Outre le RPP, d'autres réflexes primitifs jouent un rôle essentiel dans le développement :

  • Réflexe de Moro : Souvent appelé le réflexe de sursaut infantile, il se déclenche en réponse à un changement soudain de stimulus sensoriel (lumière vive, changement de position, bruit fort, etc.). Un Moro non intégré peut entraîner une colère facilement déclenchée, un équilibre et une coordination faibles, une faible endurance, des problèmes de digestion, un système immunitaire faible, une hypersensibilité sensorielle et des difficultés d'apprentissage.

  • Réflexe Tonique du Labyrinthe (TLR) : Le TLR permet au bébé d'apprendre la gravité et le contrôle de la tête et du cou. Il est essentiel pour l'équilibre, le tonus musculaire et le sens de la proprioception. Un TLR non intégré peut causer des difficultés d'équilibre et de coordination, une mauvaise posture, de la fatigue, une faible musculature et des problèmes de vision et d'audition.

  • Réflexe Asymétrique du Cou (ATNR) : L'ATNR est important pour le développement de mouvements unilatéraux. Lorsque l'enfant tourne la tête sur le côté, les bras et les jambes s'étendent automatiquement du même côté. Un ATNR non intégré peut contribuer à la dyslexie et à des difficultés d'apprentissage.

  • Réflexe Symétrique du Cou (STNR) : Le STNR est une étape de transition où le bébé qui s'allongeait au sol commence à ramper. Si le STNR reste actif, il peut entraîner une posture faible, des maux de tête, des difficultés d'apprentissage et d'attention.

  • Réflexe Spinal de Galant : Ce réflexe fonctionne conjointement avec l'ATNR pour aider le bébé à sortir du canal utérin. Il est également lié à l'équilibre et à la coordination. Un Spinal de Galant actif peut être associé à l'énurésie nocturne, une faible endurance et des difficultés d'attention.

  • Réflexes Oraux et des Pieds/Mains : Ces réflexes (Babinsky, Plantaire, Palmaire, etc.) jouent un rôle dans la coordination, l'écriture et le développement linguistique. Des difficultés dans ces domaines peuvent indiquer une non-intégration de ces réflexes.

Intégration des Réflexes Primitifs : Une Approche Thérapeutique

À tout âge, il est possible de travailler sur l'intégration des réflexes archaïques. Des mouvements spécifiques et des techniques de réintégration peuvent transformer la vie d'un enfant ou d'un adulte. En intégrant ses réflexes archaïques, on peut mieux gérer son stress, retrouver une sensibilité adaptée et accroitre sa vitalité. Le monde est perçu comme plus sécurisé et nous pouvons alors nous ouvrir aux autres, nouer des relations durables, saines et enrichissantes.

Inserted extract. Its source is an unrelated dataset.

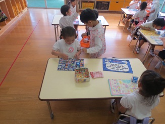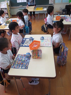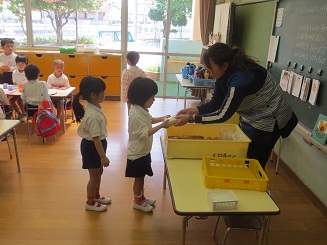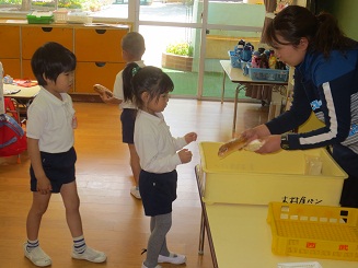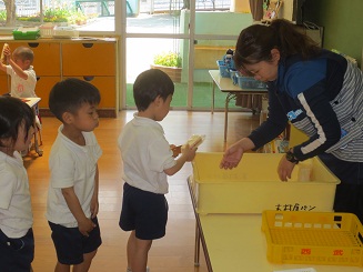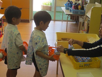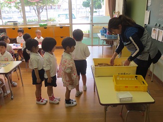 先生の合図で牛乳を配ったり、パンをもらったりと並びます。

L’enfant ou l’adulte, sous l’influence d’un RPP persistant, a tendance à se replier sur lui-même. Il peine parfois à soutenir le regard des autres, le sien est fuyant. Il ne peut s’empêcher de rire nerveusement, parfois un sourire accroché à ses lèvres, un peu figé. Sous RPP, il est même coupé de ses propres ressentis internes.

Importance d'une Approche Pluridisciplinaire

Le traitement des réflexes archaïques ne constitue pas à lui seul le traitement des troubles de l’apprentissage. Il faut lui associer le traitement des réflexes de vie ou réflexes posturaux et celui des troubles psycho-émotionnels qui ne dépendent pas que des réflexes de Moro ou de paralysie par la peur. Les activités psychomotrices et les jeux à faire à la maison sont essentiels. Le traitement reste pluridisciplinaire : il nécessite parallèlement un bilan postural, un bilan neuro-visuel et des traitements complémentaires par orthoptie, orthophonie, psychomotricité.